Vorstellbar, dass Sie als Kronzeuge aussagen würden?
Die Kronzeugenregelung ist für mich völlig uninteressant.

Das Schlosshotel wurde zum Millionengrab.
Der Betreiber war eine Fehlentscheidung, er hat den Ruf in den ersten sechs Monaten kaputtgemacht. Wenn der richtige kommt, wird es funktionieren.

Sie sagen, die Hypo-Verstaatlichung war ein Fehler.
Und der aufgetauchte Kaufvertrag zwischen Republik und Bayern gibt mir nun voll Recht! Die Bayern haben der Hypo vor der Notverstaatlichung gezielt Kapital von mehr als einer Milliarde entzogen und damit die Hypo in die Pleite gedrängt. Durch die Verstaatlichung wurden sie dafür dann auch noch belohnt. Denn der österreichische Steuerzahler haftet nun für Milliarden der deutschen BayernLB. Bei einer Insolvenz oder staatlichen Aufsicht wäre das Geld der BayernLB als Eigenkapital der Hypo gewertet worden und damit für die Bayern weg gewesen.

Darüber schwebt ein Schreckgespenst: Das Land Kärnten haftet für die Hypo mit 19 Milliarden.
Dieses Schreckgespenst haben die Bayern den Österreichern eingeredet. Ein völliger Quatsch. Das sind nämlich Ausfallshaftungen, die bis ins Jahr 2017 gelten. Man hätte daher die Bank unter Staatsaufsicht stellen müssen, dann erst mit den Bayern verhandeln dürfen und bis ins Jahr 2017 Zeit gehabt, die Bank zu verwerten und zu sanieren. Die Ausfallshaftungen wären also nie schlagend geworden.

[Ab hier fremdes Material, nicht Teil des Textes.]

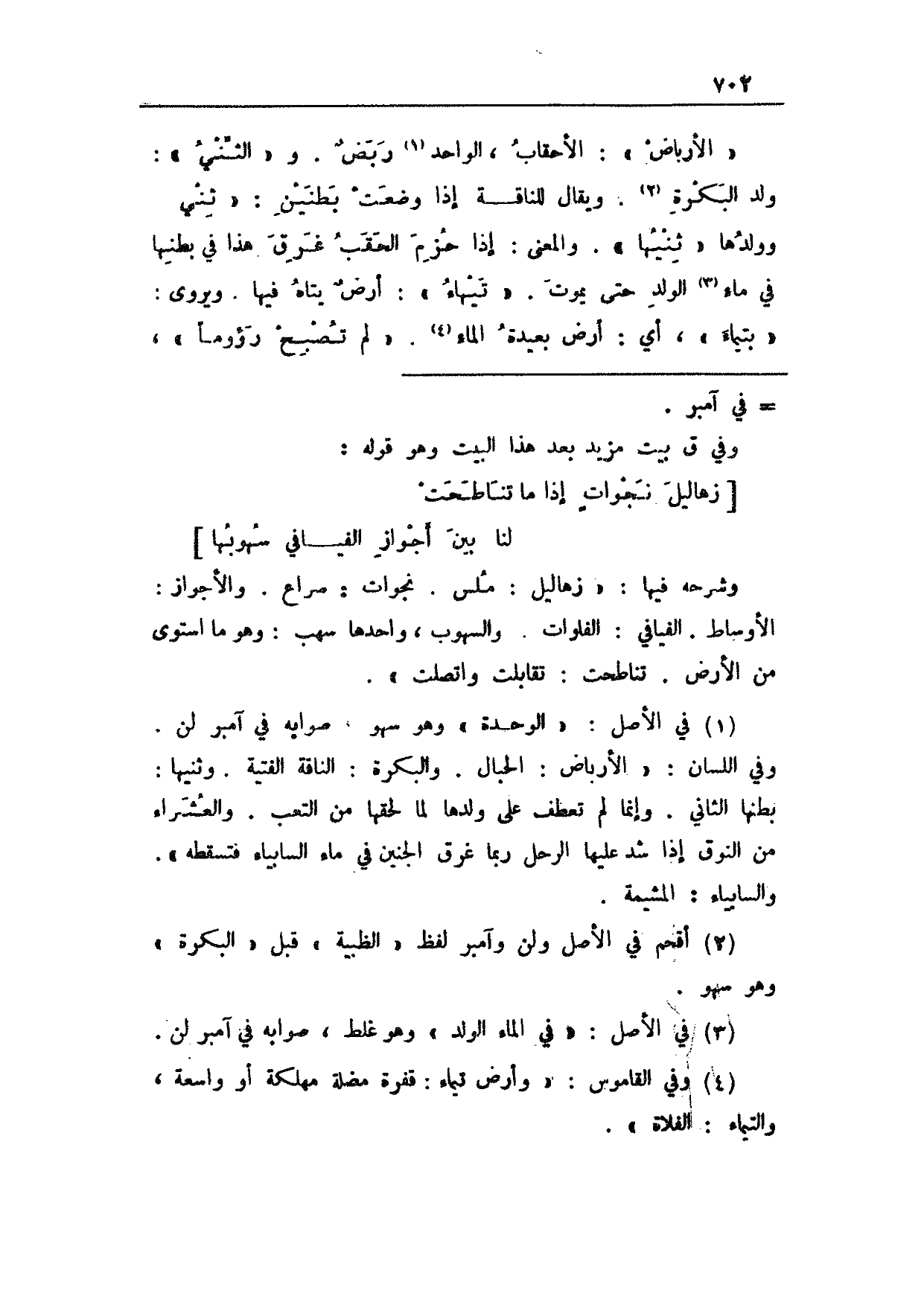 "الأرباض": الأحقاب، الواحد ربض. و"الثني": ولد البكرة. ويقال للناقة إذا وضعت بطنين: "ثني وولدها "ثنيها". والمعنى: إذا حزم الحقب غرق هذا في بطنها في ماء الولد حتى يموت. "تيهاء": أرض يتاه فيها. ويروى: "بتيماء"، أي: أرض بعيدة الماء. "لم تصبح رؤوماً"،
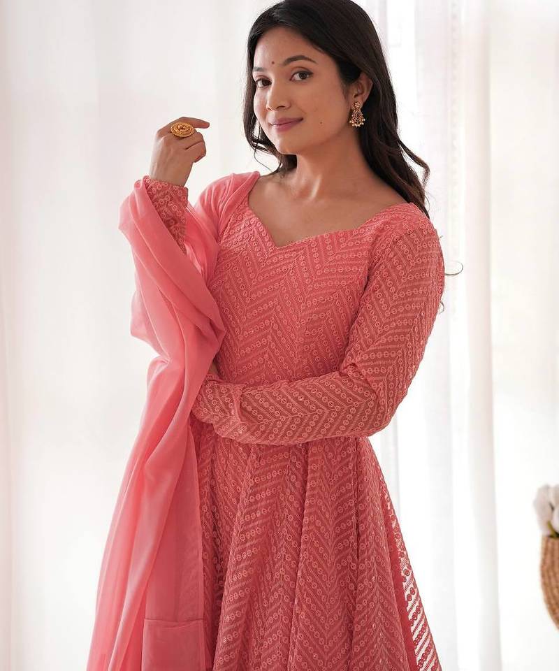 Product Name Peach Color Lucknowi Sequince Thread Work Faux Georgette Anarkali Set
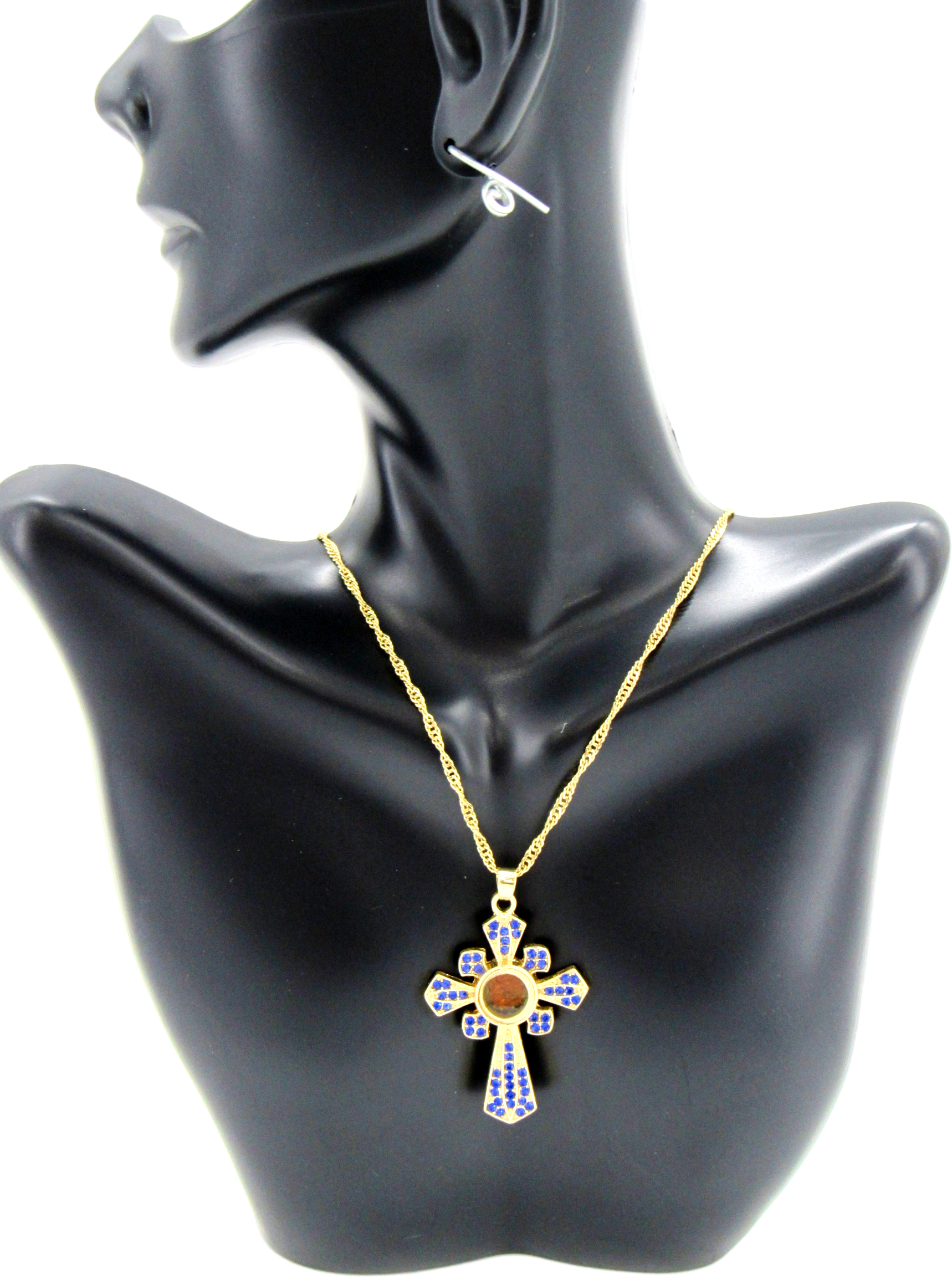 Handmade Gold plated Necklace, With Special Cross filled with incense from the Tomb of Jesus, Blue color.
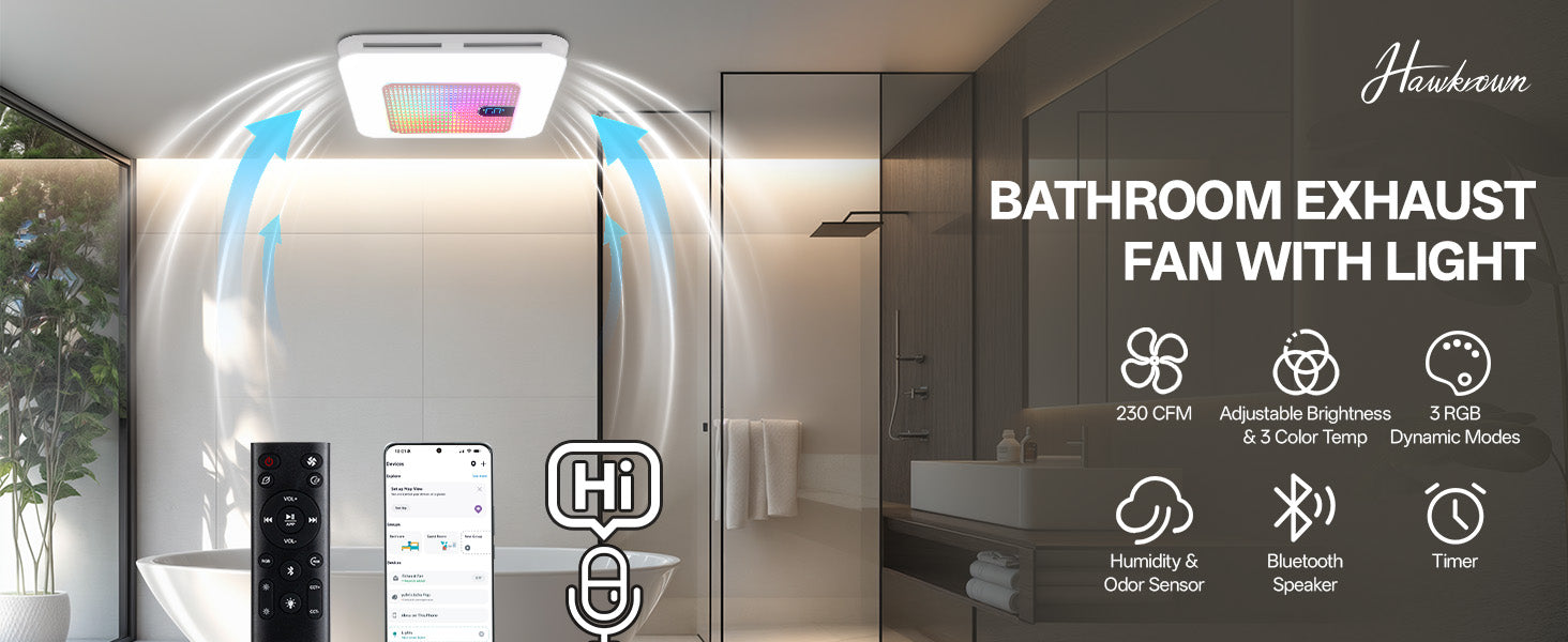- Hawkrown smart bathroom fan with bluetooth speaker is compatible with Alexa, Google Home, Tuya App allowing you to control the fan, speaker humidity & odor sensor and light. NETWORK SUPPORT: 2.4GHz WiFi ONLY(5GHz not supported)
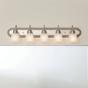 The modern lines of this 36" 5-light bath light fixture in a Chrome and Brushed Nickel finish with Satin Etched glass will blend into many decors.
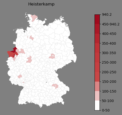 Laut dem Genealogischen Orts-Verzeichnisses und Google-Earth taucht der Name „Heisterkamp“ dreimal als Ort oder Ortsteil auf:
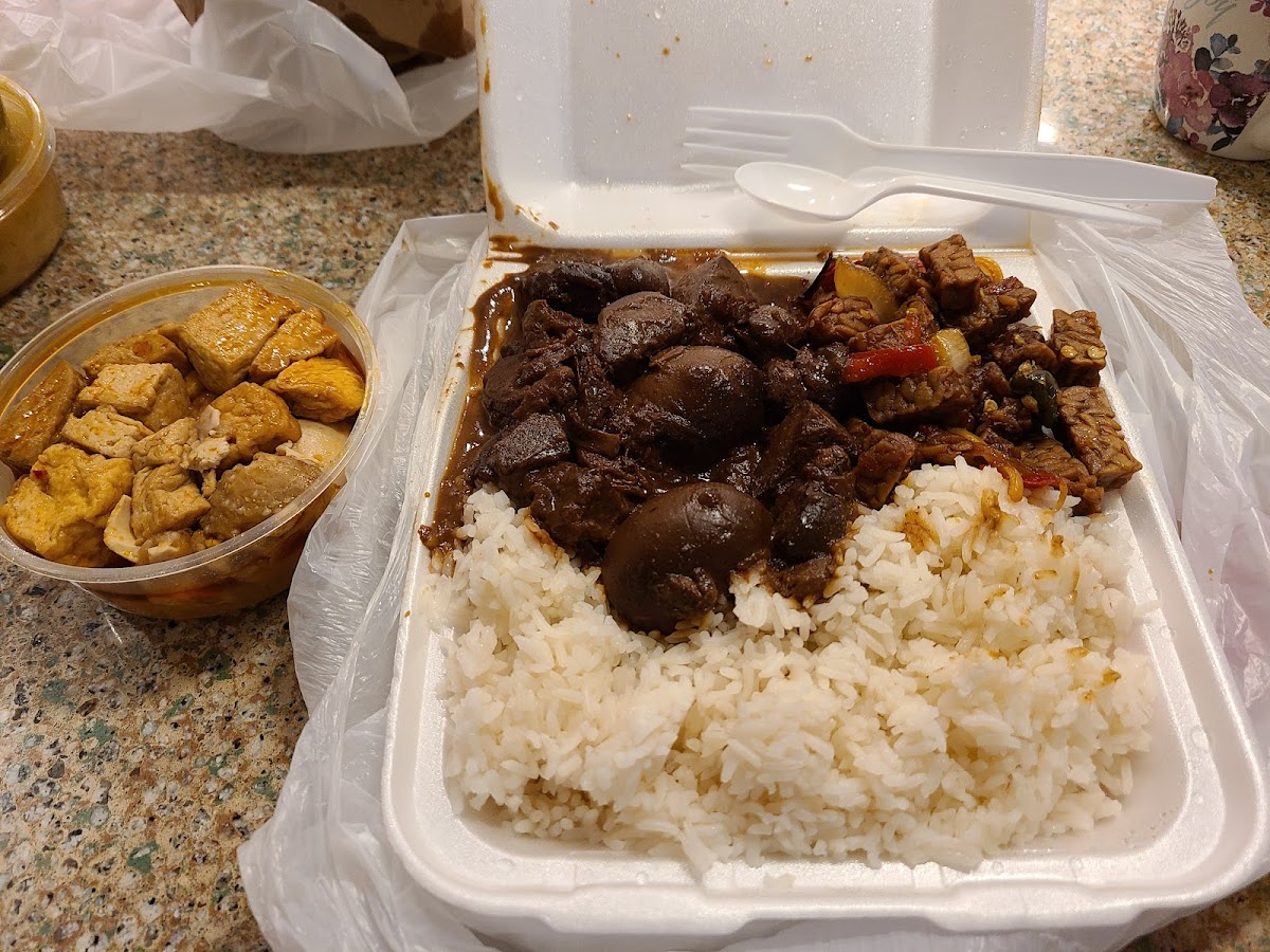 Great Indonesian food. This place is worth the visit. Food reasonable price. I ate my lunch at the shop and serveral order to go plate for my family. Serves beef rendang, indo fried chicken and vegan options. Vegan dishes include yellow curry with potato, kale, spicy tofu/tempeh stew and fried tofu. Bad.. Place could use a good floor mopping. Table need a wipe down. Store located in sketchy neighborhood.
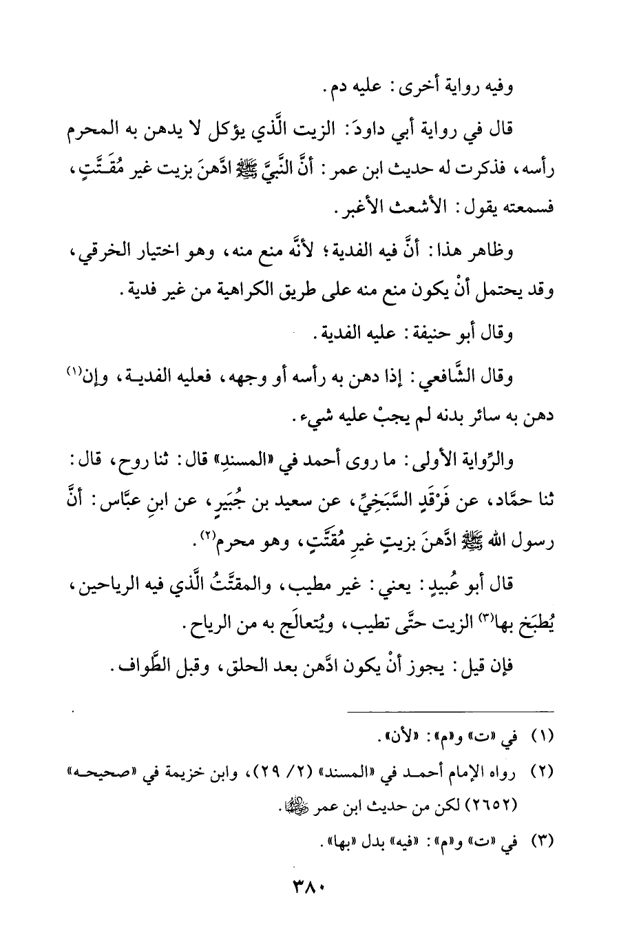 والرواية الأولى: ما روى أحمد في "المسند" قال: ثنا روح، قال: ثنا حماد، عن فرقد السبخي، عن سعيد بن جبير، عن ابن عباس: أن رسول الله صلى الله عليه وسلم ادهن بزيت غير مقتت، وهو محرم.
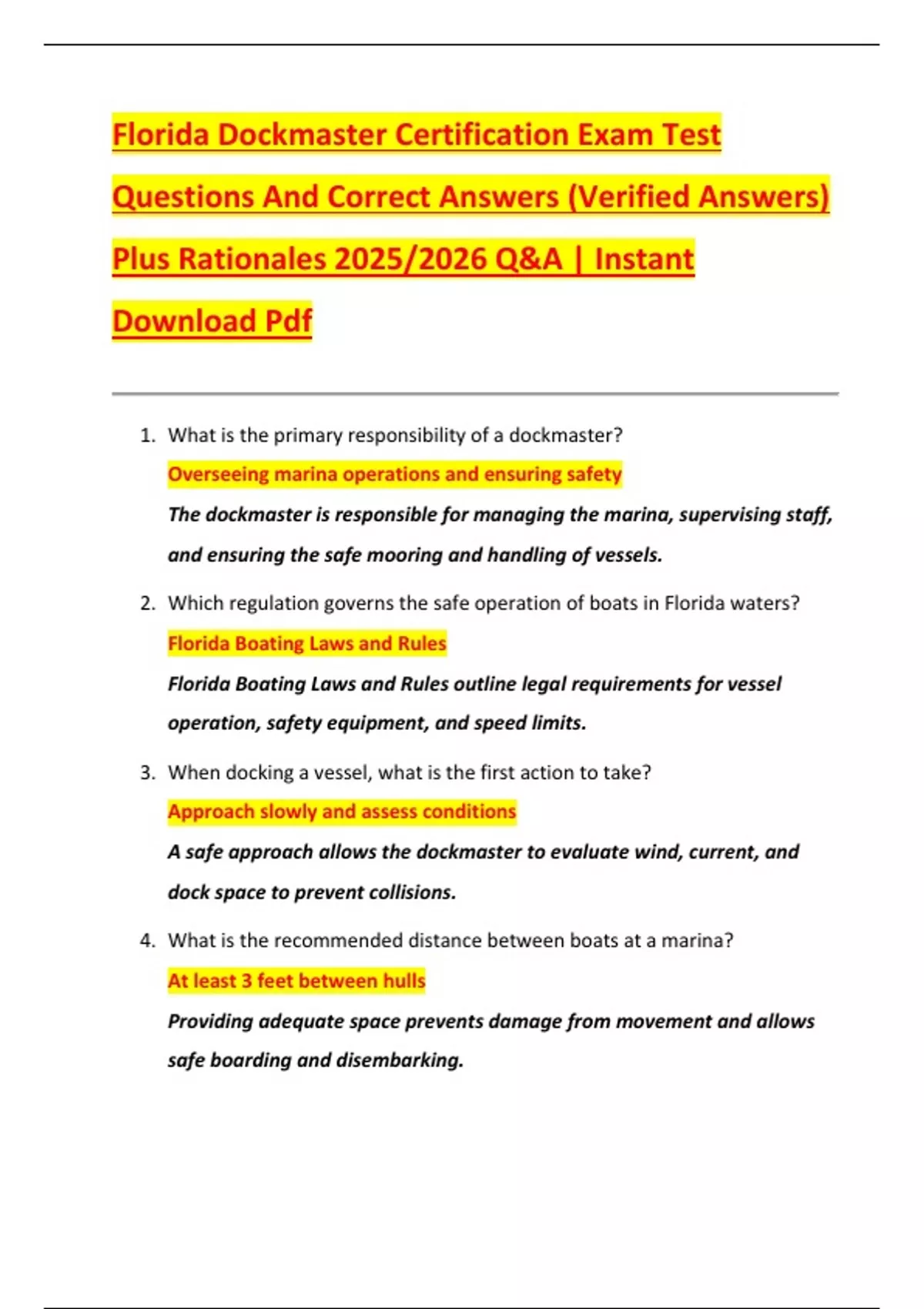 1. What is the primary responsibility of a dockmaster?

Gehen Sie davon aus, dass die Hypo zwischen Raiffeisen und Erste aufgeteilt wird?
Ich glaube, die ist schon aufgeteilt. Das ist lange ausgeredet.

In der „Zeit“ wird über Abhörprotokolle berichtet, wonach Sie sich Liaisonen in London und anderen Metropolen nicht mehr leisten könnten …
Es ist in den Abhörprotokollen nachzulesen, dass ich mich von meiner Lebensgefährtin im Herbst des Vorjahres getrennt habe, weil ich mir in London den Aufenthalt nicht leisten konnte, weil meine Geschäftsbasis komplett zerstört wurde. Ich habe meine Familie und meine Beziehung verloren – Was soll das also, das ist unter jeder Gürtellinie.

Die Notverstaatlichung vor gut einem Jahr wurde als „Rettung“ gefeiert.
In Wahrheit haben die Bayern alle über den Tisch gezogen. Die haben die Hypo bewusst fallen gelassen, weil sie selbst 80 Milliarden an Wertpapieren abschreiben mussten.

Und das Land hat mitgejubelt bei der Verstaatlichung …
Das Land Kärnten hat netto in den letzten sieben Jahren 900 Millionen Euro aus der Hypo bekommen. Ich kann Ihnen Hunderte Beispiele sagen, welche Projekte in dem Land ohne Hypo nicht existieren würden. Ich finde das so unfair – jetzt schauen die Politiker zu wie die Hypo kaputtgemacht und an die Großbanken verscherbelt wird. In drei Jahren wird es die Hypo nicht mehr geben.